Politics Magazine

Kill Your Children Well

Posted on the 31 August 2015 by Calvinthedog

According to Stewart, in those parts of Hawaii to which the influence of the missionaries had not penetrated, two-thirds of the infants born were murdered by their parents within the age of two years. In Tahiti, three women questioned by Mr. Williams acknowledged that they had killed twenty-one of their children between them. Another at the point of death confessed to him in an anguish of remorse that she had destroyed sixteen of her children.

Frazer, James George. 1922. The Belief in Immortality and the Worship of the Dead, Vol. 2 (of 3): The Belief Among the Polynesians, Chapter III: The Belief in Immortality among the Samoans, § 1. The Samoan Islands, Footnote 24. McMillan and Co.

Wow!

This is the typical life among those noble savages some folks on this blog cheer on. Hunter-gatherers had no birth control, so children came all the time. There’s just not enough food around for every woman to have 12-27 kids. It’s not going to work. And honestly, it’s better to kill one child who has barely seen life than to let the whole group die of starvation. The greater good and the lesser of two evils and all that.

Among the Ache of Paraguay, 100% of Ache children witness their mothers murdering one or more of their brothers or sisters, often before age four. You wonder what sort of effect that would have on someone.

Essentialists or Determinists, which include some psychoanalytic types, would say that certain things that a human experiences in life have inevitable damaging effects on the psyche. So if a child witnesses his mother murdering his toddler sibling, this will have an inevitable scarring effect on the psyche no matter what. Similarly, if a child is molested by an adult before some set age (which feminist crazies keep pushing upwards), there will be serious and inevitable damaging effects on the psyche of that child no matter what. Some things are just inherently damaging psychologically 100% of the time.

Culturalists would take another approach and say that the psychological effects of certain experiences depend on the culture.

So while seeing one’s toddler sibling being murdered by your own mother is no doubt rather traumatizing, if you grow up in a culture where all children witness these scenes, it simply because one or the norms of growing up in that society, children simply accept it as normal behavior and there is little if any psychological damage.

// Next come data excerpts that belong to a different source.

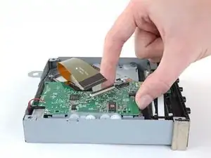 Usa la punta di uno spudger, un plettro o un'unghia per sganciare la piccola aletta di bloccaggio incernierata sul connettore ZIF del lungo cavo a nastro nell'angolo del lettore CD.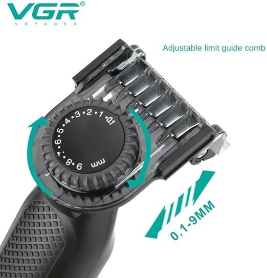 مشطّ قابل للتعديل: يسمح بتحديد أطوال مختلفة للتشذيب (مثلاً من 0.5 مم حتى 9 مم).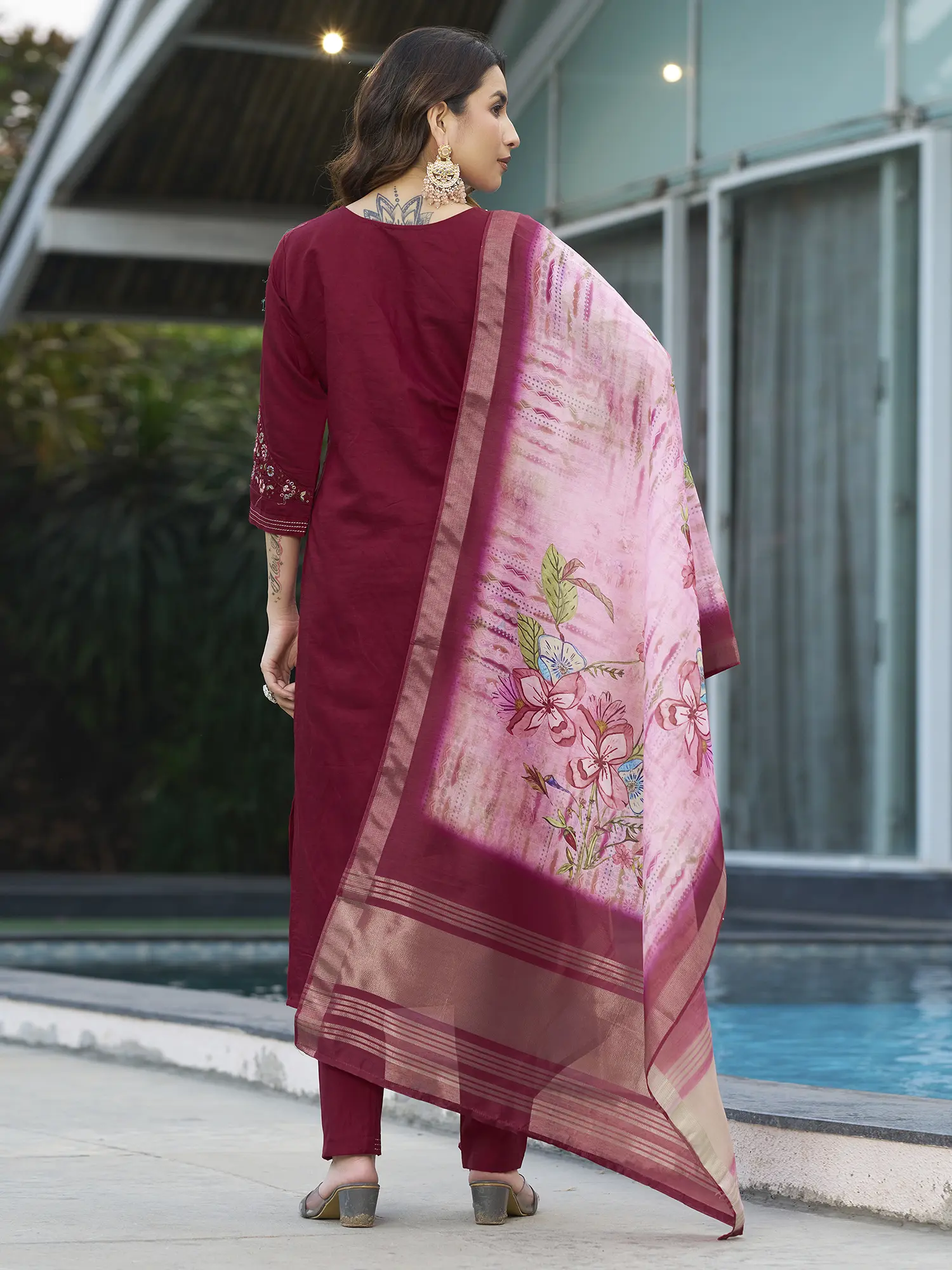 Adorning the neckline is an intricate tapestry of multi-colored embroidery, featuring delicate threadwork that speaks of traditional artistry. This same painstaking detail extends to the sleeves, where floral motifs are rendered with exceptional precision. The accompanying pant, tailored for comfort and a flattering silhouette, ensures a cohesive and polished look. Completing this ensemble is a flowing maslin silk dupatta, offering a soft, ethereal touch.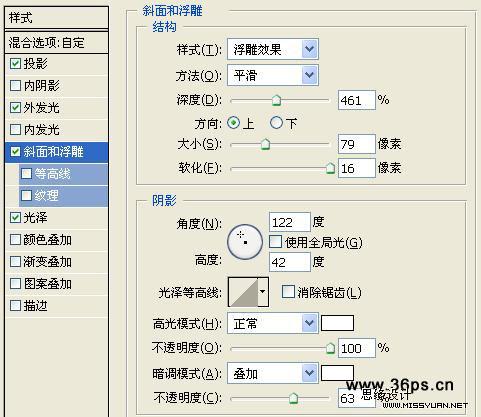 斜面与浮雕,设置如下: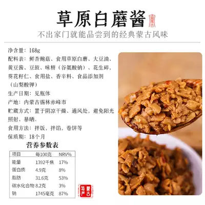 White Mushroom Sauce Prairie Spicy Original Mushroom Sauce 168g Bottle Inner Mongolia Special Rice Mixed Sauce 3 Bottles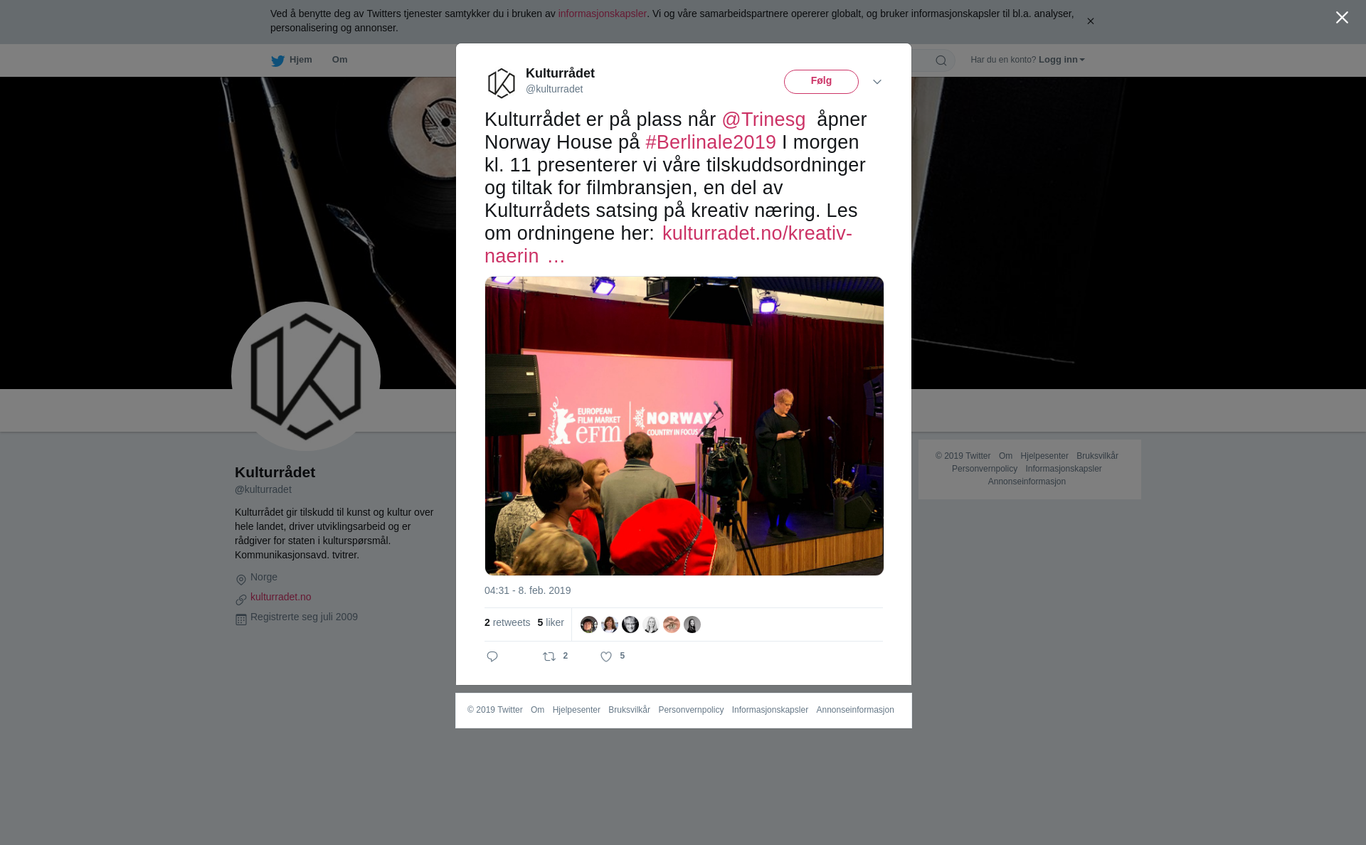 RT @kulturradet: Kulturrådet er på plass når @Trinesg åpner Norway House på #Berlinale2019 I morgen kl. 11 presenterer vi våre tilskuddsordninger og tiltak for filmbransjen, en del av Kulturrådets satsing på kreativ næring. Les om ordningene her: https://t.co/rWx3uH5S1i https://t.co/wwRk8sytzr

Similarly, there are hunter-gatherer cultures where almost all of the children are molested by adults before age 12. Generally there is no physical damage. Culturalists would say that if you grow up in a culture where all the kids get molested by adults, you simply accept that as normal behavior and the acts cause little if any harm.

Where do you stand, with the Determinists or with the Culturalists? Are some experiences inherently damaging to the psyche or is it all culture-dependent based on what your culture defines as normal behavior?